Once I download the file with the protonated ligand, how do I place it at the exact (bound) position where it's meant to be? Do I align it based on RMSD? Or is there a better way?

Thanks!

[peastman]

Hydrogens are usually implicit in SMILES strings. Tools like RDKit and OpenFF Toolkit can add them automatically. See, for example, https://docs.openforcefield.org/projects/toolkit/en/stable/api/generated/openff.toolkit.topology.Molecule.html#openff.toolkit.topology.Molecule.from_rdkit.

Since no one else has answered your other question I'll try, though I don't really have a lot of experience at this sort of thing. Hopefully someone else can provide a better answer.

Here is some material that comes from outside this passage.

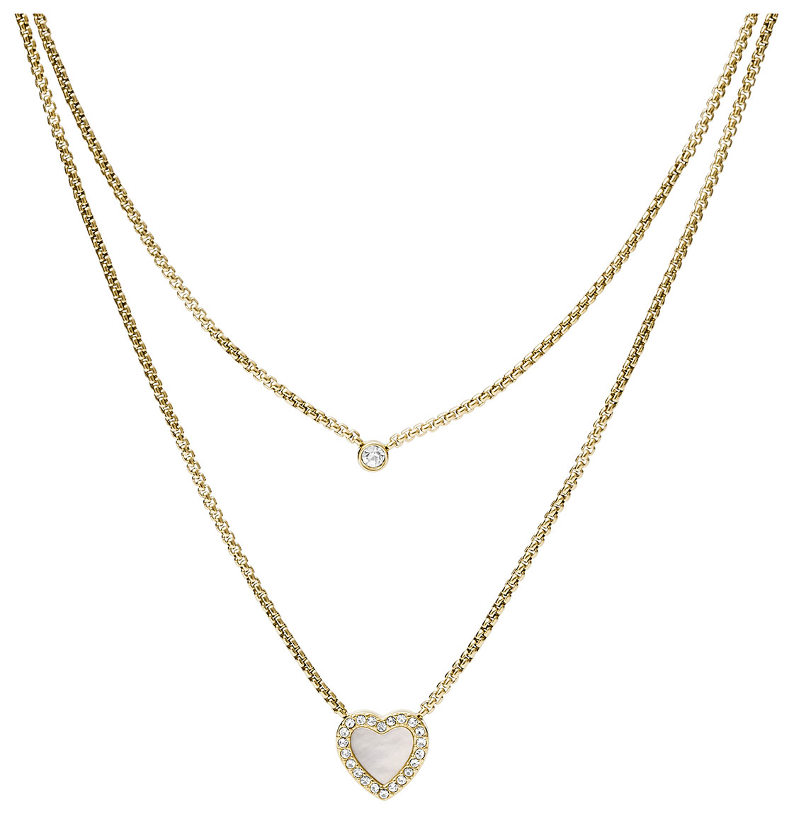 Fossil Heart Duo JF03217710 on kaunis kullanvärinen ruostumattomasta teräksestä valmistettu naisten kaulakoru. Toisessa ketjussa on ihana sydänkoru, joka on koristeltu korukivin. Toisessa ketjussa riippuu yksittäinen korukivi. Korun pituus on 400-450 mm. Lukkona on kätevä hummerilukko. Fossil-korut toimitetaan valmistajan alkuperäisessä pakkauksessa.

Figuring out where a ligand binds is a complicated scientific question. The best case is if you have a crystal structure showing exactly where it binds. If you don't have that but you have a good idea where the binding site is, you could try positioning it approximately, minimize energy, and then run some dynamics to let it settle into place. And of course there is a whole field of docking algorithms that try to figure out the binding site automatically if you don't already know it.

It also depends on what you're trying to learn. In many cases you expect the ligand to repeatedly bind and unbind, and that's what you want to study: how quickly does it bind, how long does it stay bound, etc. In that case, it's ok if it doesn't start out in the right position. You want to see how quickly it gets there.

[razvanmarinescu]

@peastman thank a lot, that all makes sense. I think aligning based on RMSD would be enough.

My main issue now is that I have trouble building the GAFF force field, see my other issue that I raised. Can you have a quick look on that code, would really appreciate any help! I've been trying to fix it but cannot figure it out.